Essay by Aidan White, IFJ General Secretary
OVER the past three months a fierce battle has been fought within the European Union as military chiefs on both sides of the Atlantic try to stem the movement towards greater open government.
Next year European Union leaders face a deadline set by the Treaty of Amsterdam in 1977 to put in place a procedure and policy to guarantee citizens' rights of access to documents of the European Parliament, the Council of Ministers and the Commission. But the co-decision process to agree a new code strengthening peoples' right to know is in chaos.
There have been allegations of skullduggery, threats of court action are in the air and a range of proposals now before the Parliament reflect a failure to reach any sensible consensus on how to break the culture of secrecy that still rules in Brussels.
The security chiefs of Europe (and NATO) have woken up to the fact that freedom of information is on the European Union agenda and, belatedly, they have plunged into the debate with an uncompromising approach that threatens to halt the march towards open government and may even signal a retreat from an openness policy first agreed seven years ago.
But NATO's attempts to shut the door on the peoples' right to know, while increasingly desperate and comic, are still likely to fail.
The security establishment began their campaign with a "summertime coup" on 14 August, while parliaments and journalists were on holiday, when the Council of Ministers unilaterally amended its own rules of procedure to deny access to certain documents under a new system of classification. For good measure they also excluded access to any category of other documents that might allow someone to deduce the fact a classified document exists.

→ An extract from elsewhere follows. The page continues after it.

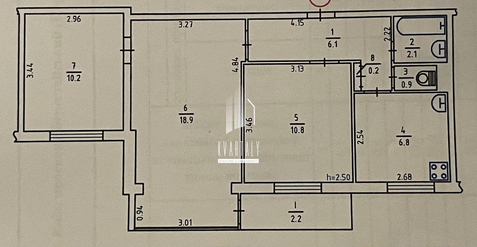 санвузол роздільний.

This approach not only torpedoes the traditions of a number of Member States, it undermines the core principle of freedom of information and makes a mockery of efforts to agree a new procedure, by May 2001, which is meant to "enshrine" the citizen's right of access to documents under Article 255 of the Amsterdam Treaty.
The arrogance of the Council, led by Foreign Policy Chief and former NATO Secretary General Javier Solana, is touched with farce given the response to a request by Statewatch who asked for the papers upon which the decision was taken. They were told that access to a document "could fuel public discussion". Another request for documents, by the European Citizens Advice Service, received a blanket refusal, even though the papers concerned were already in the public domain.

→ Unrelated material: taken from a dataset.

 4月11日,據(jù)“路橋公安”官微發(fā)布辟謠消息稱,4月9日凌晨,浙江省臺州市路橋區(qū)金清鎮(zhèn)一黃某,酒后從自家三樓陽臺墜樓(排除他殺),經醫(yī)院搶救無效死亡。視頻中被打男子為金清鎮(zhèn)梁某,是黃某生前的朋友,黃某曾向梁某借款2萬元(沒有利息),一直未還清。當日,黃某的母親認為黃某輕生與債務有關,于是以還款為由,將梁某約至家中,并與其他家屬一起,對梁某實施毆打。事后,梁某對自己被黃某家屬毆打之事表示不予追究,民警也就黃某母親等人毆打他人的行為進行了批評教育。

But the reality is that NATO's actions are almost certain to founder following the action taken by journalists in Sweden a few years ago who demonstrated that national law guaranteeing access to documents take precedence over the charmed circle of privileged access to information in Brussels.
The Journalists Union of Sweden in May 1995 challenged the Council of Ministers over access to Council documents relating to Europol activities. At that time the Swedish Union asked for 20 documents from the Council and under Swedish Law asked for the same documents from the Swedish Government.

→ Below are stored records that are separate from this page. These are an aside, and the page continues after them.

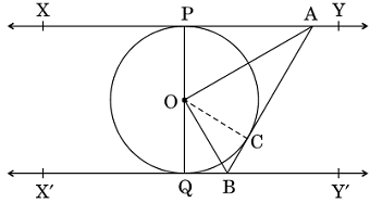 25. In the given figure, XY and X'Y' are two parallel tangents to a circle with centre O and another tangent AB with point of contact C, is intersecting XY at A and X'Y' at B. Prove that ∠AOB = 90°.
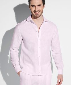 Zimmerli Men’s Loungewear Linen Blend | Button Front Shirt Long Sleeve – Pink Whisper | Pink Whisper
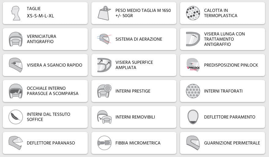 La visiera dispone di appositi piolini per l'inserimento della lente Pinlock contro l'appannamento della visiera che può verificarsi a causa del respiro e della differenza di temperatura interna ed esterna del casco.

The Council handed over just two documents, but in Sweden some 18 documents were released in line with the country's long-standing legal commitment to make access the rule of government rather than the exception. The Swedish Union mounted a legal challenge to the Council's and won their case at the Court of First Instance in Luxembourg.
In its judgement on June 17th 1998 the Court set out the important principles:
First that according to the 1993 European Union code, access to documents must be the rule;
Second, any restrictions on access must be narrowly interpreted;
Third, every document should be tried or examined on its own when deciding if it should be released;
Fourth, if a document is refused there should be real harm to the interests concerned.
All of these principles are, under NATO's guiding hand, being challenged by the European Union Council of Ministers.
Meanwhile, in the United States security chiefs have put before the Senate a proposal to enact an "official secrets act" that will make it a criminal offence to leak classified information to the press. Although Congress has struck down such proposals in the past as unconstitutional, the latest effort, like the action by the Council of Ministers, has been taken without any public debate or review of the proposal.
Any security service worthy of the name knows that secrecy rules within the European Union are constantly under threat from ambush at national level. As the Swedish case proves, national legal traditions can subvert Codes drawn up in Brussels. The benchmark for openness in Europe is not what Brussels can enforce, but the limits of transparency as defined by those countries with the highest levels of access to documents.
The Council of Ministers, and NATO, will have to recognise, sooner or later, that there are different traditions at work here and, in line with the Amsterdam Treaty commitments, it only makes sense to harmonise openness rules up to the levels of access that operate at the highest level nationally.
The alternative will be to attack the openness rules that apply in a number of national states - the Netherlands and the Nordic countries, in particular. That may happen, but if it does, journalists, like those in Sweden, or John Carvel at The Guardian or Steve Peers at Statewatch, who have also challenged secrecy in Europe, will be among the first to take to the barricades.